Whether it was a VPN issue, an inability to log into to the remote desktop, a poor connection to the VoIP solution which resulted in call drops, or anything else, call center employees – and the rest of the staff across the global workforce – needed reliable infrastructure to do their job.
The organization’s leaders believed that it was critical for their team to be able to accurately pin-point performance and usability issues. Failing to do so makes it impossible to take proactive measures to support end users. It also inhibits the AppDev team’s ability to make informed decisions, ideally before users complain.
To remedy these issues – and more – the financial services institution chose to work with Cisco’s ThousandEyes.
Digital experience insights is a critical enabler to digital rollout
Leaders and organizations embarking on any digital initiative need to ensure that experience monitoring is a cornerstone of their strategy.
By leveraging Cisco ThousandEyes’, the financial services institution was able to do just this. They used Cloud Agents to set up availability tests on VPN environments and ran cloud tests on vendor providers in some geographies, all to quickly generate actionable insights.

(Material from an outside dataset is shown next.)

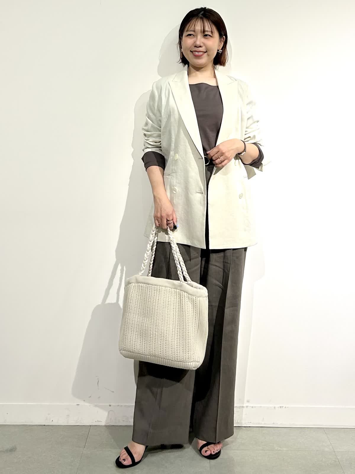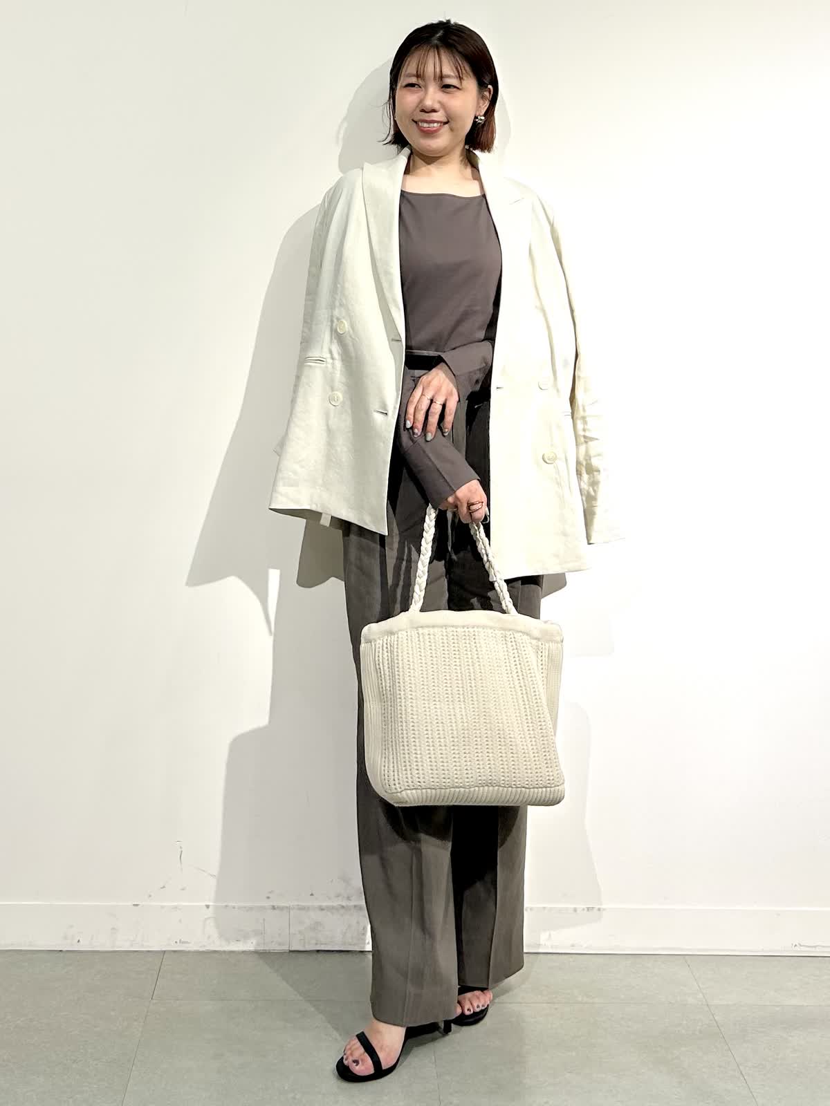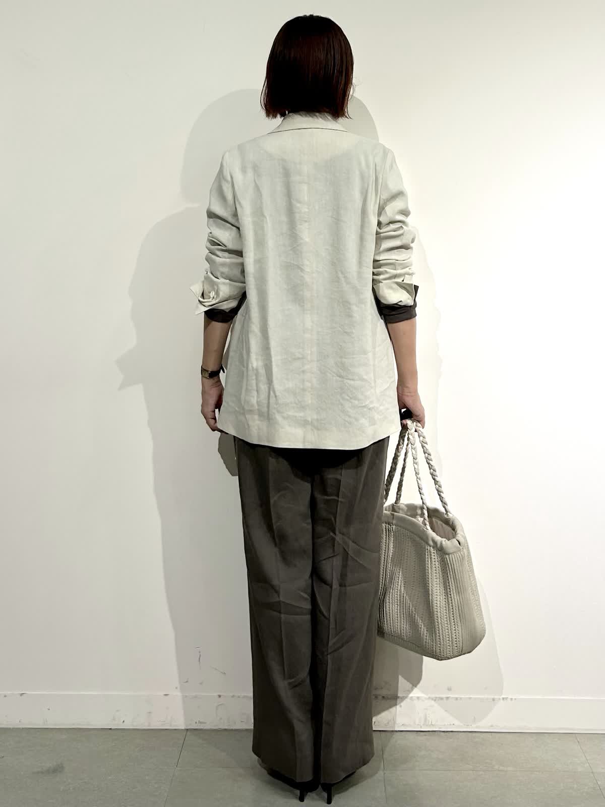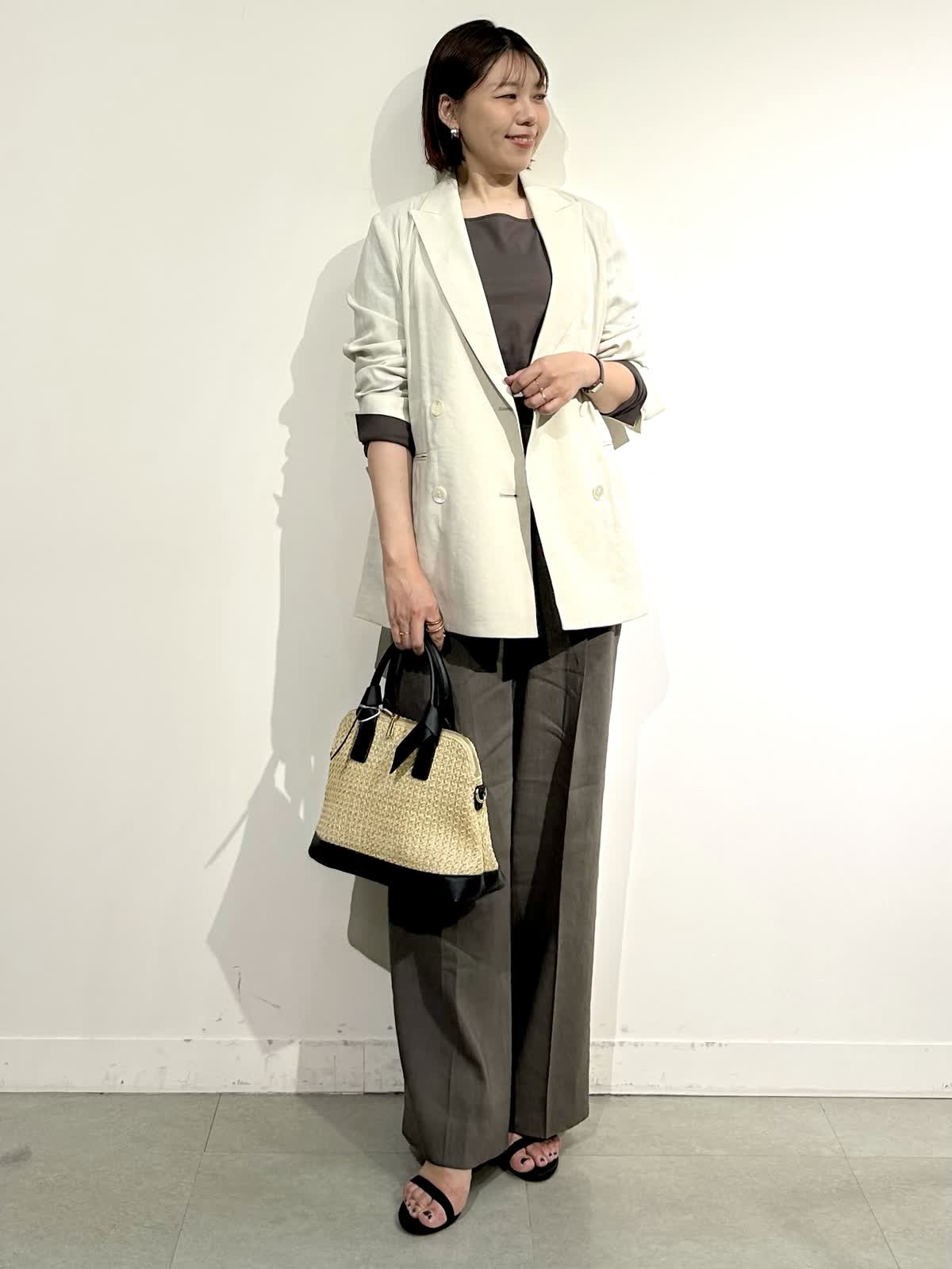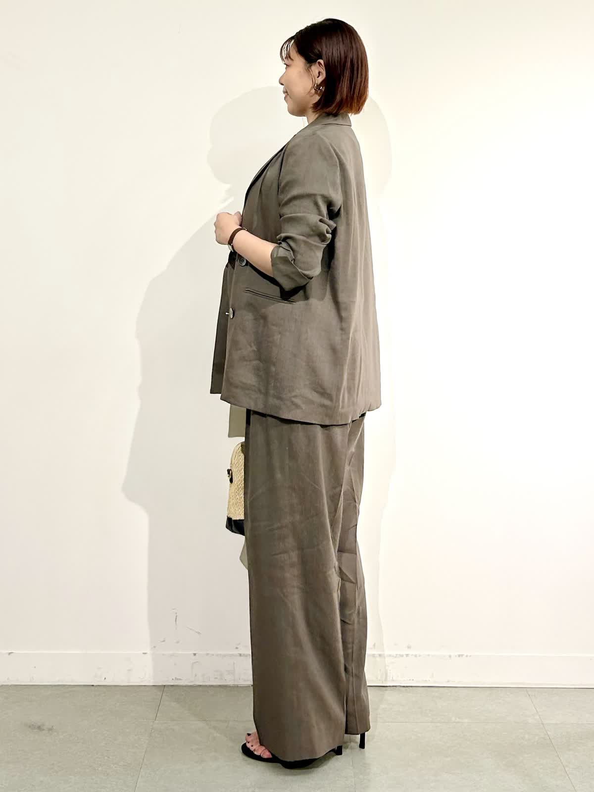 ?パンツのカラーと同じモカ茶のジャケット2種類とジレを合わせたワントーンのセットアップコーデもモード感があって素敵です。

The IT team also leveraged the solution to run page load tests for key web applications to benchmark their performance and even evaluated their collaboration tools, all to provide actionable insights to help ensure ever user has an optimal experience
The organization also set up tests for its end user ISP connections and are also gathering testing metrics from their internal networks. The team also set up and deployed 1,600 Endpoint Agents, mostly in the call center team, to understand the home network infrastructure better —what the performance of the device looks like, and how the local ISP may be impacting the call center agent’s connectivity. What’s even more fascinating is that the deployment of those 1,600 agents took just a few days and was done automatically, outside of regional business hours, using a zero-touch approach.

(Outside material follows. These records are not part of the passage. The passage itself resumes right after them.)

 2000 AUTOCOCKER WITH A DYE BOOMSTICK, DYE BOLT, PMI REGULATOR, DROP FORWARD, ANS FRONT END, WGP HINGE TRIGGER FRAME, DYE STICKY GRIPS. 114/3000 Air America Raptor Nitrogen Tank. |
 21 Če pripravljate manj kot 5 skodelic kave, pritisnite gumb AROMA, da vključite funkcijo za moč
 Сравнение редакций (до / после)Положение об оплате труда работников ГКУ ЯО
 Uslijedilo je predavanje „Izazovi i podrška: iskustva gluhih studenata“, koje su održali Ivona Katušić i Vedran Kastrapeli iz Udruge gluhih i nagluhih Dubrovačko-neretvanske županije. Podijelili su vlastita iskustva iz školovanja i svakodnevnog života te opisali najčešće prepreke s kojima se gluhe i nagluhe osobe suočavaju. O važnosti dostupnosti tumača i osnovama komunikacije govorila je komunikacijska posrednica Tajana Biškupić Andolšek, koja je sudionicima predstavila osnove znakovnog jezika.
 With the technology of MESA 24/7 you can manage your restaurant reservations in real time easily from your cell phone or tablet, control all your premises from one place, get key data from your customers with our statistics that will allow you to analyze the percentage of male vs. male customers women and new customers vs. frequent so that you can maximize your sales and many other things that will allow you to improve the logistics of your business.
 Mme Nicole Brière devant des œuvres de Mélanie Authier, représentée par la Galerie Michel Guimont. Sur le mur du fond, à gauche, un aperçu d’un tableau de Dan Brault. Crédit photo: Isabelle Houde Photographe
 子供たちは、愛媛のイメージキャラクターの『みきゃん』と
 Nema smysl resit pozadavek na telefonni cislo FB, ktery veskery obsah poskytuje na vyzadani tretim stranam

To address the specific issues facing contact center staff, the operations team ran a contact center device remediation exercise.

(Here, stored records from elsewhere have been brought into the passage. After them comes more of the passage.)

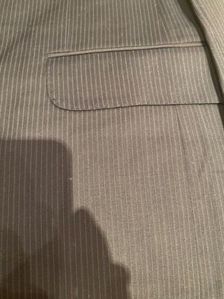 Bonito y elegante traje de rayas en gris, esta de dos puestas, talla chaqueta 50, pantalón 42-44. Está como nuevo.
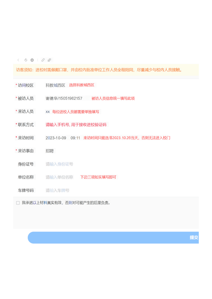 ③信息填寫完畢后點(diǎn)擊提交,審核通過后將收到預(yù)約信息登記成功短信并附帶入校鏈接,入校時(shí)請(qǐng)點(diǎn)擊鏈接生成入校二維碼并向門衛(wèi)出示即可。
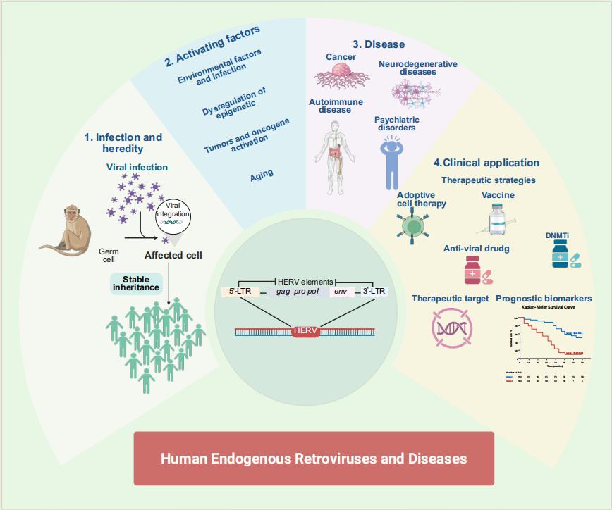 近日,我院党委书记马虎教授团队在期刊《MedComm》(IF=10.7,中科院和JCR双一区,TOP期刊)上发表了一篇题为“Human Endogenous Retroviruses and Diseases”的综述论文。我院党委书记马虎教授,胸部肿瘤科周建国副主任医师为该论文共同通讯作者,我院第二临床学院肿瘤学硕士研究生陈灿为该论文第一作者。
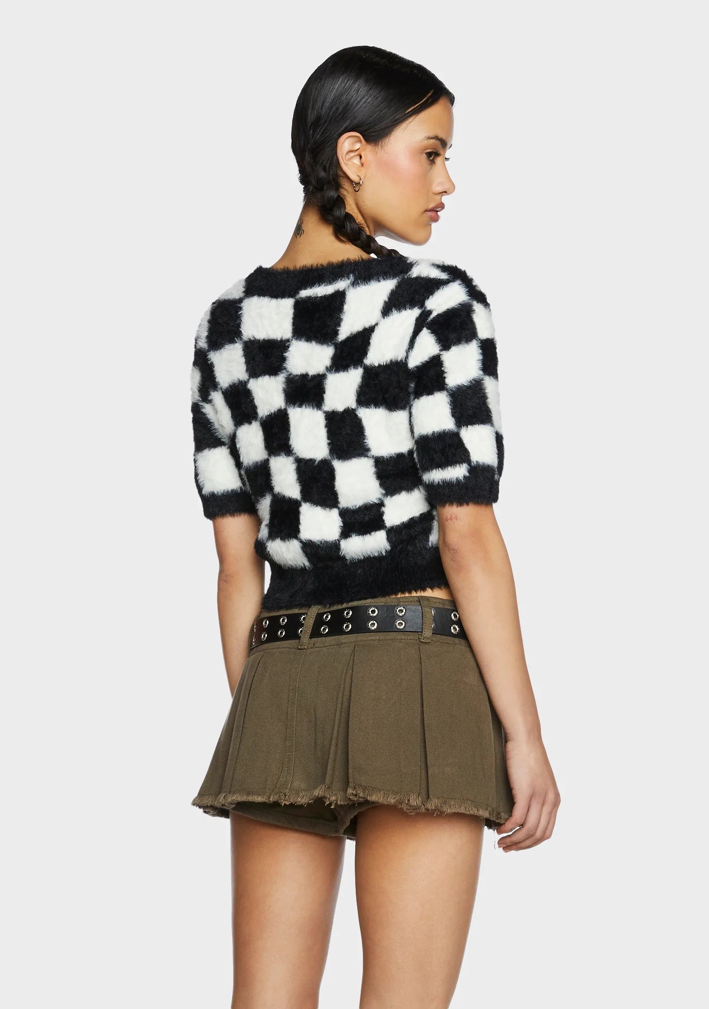 Checkered Knit Crop Top

Cisco ThousandEyes enabled the organizations to identify issues on laptops where resources were under the minimum requirement of CPU and RAM. This gave them an estimate of device health. Next, the team focused on identifying local gateway loss and tested the user’s ISP network using an FTP server to download a file which helped uncover bandwidth issues.
This led to the remediation of a large percentage of the call center employees’ issues and was a steppingstone to solving issues faced by the rest of the workforce.
This new depth of visibility has been a game changer for the team looking to upgrade the organization’s infrastructure.
Thanks to the analytics and insights Cisco ThousandEyes provides, organizations can have a real-time conversation with users when they face an issue or incident and find a way to mitigate and eliminate the root cause altogether. This new state is a great leap forward from a time just a few months ago when they could only speculate about what the issue might be.
Within a short time, thanks to the visibility it gained into its network and infrastructure, the organization was able to deliver great experiences to users across its customer and employee pools.
It also helped the financial services institution win over their customer’s hearts and gain their trust and loyalty during the pandemic which put them in good stead for the future. The success of its remote working program also meant that the institution is better prepared to leap into ‘hybrid work’ which has become the norm among leading organizations across the world.
The work that the client is doing is a testament to Cisco ThousandEyes’ ability to help traditional financial services as well as challenger banks and fintechs better manage the experience they provide. It’s also why such organizations are increasingly rely on Cisco ThousandEyes and making it a part of their core stack of digital tools.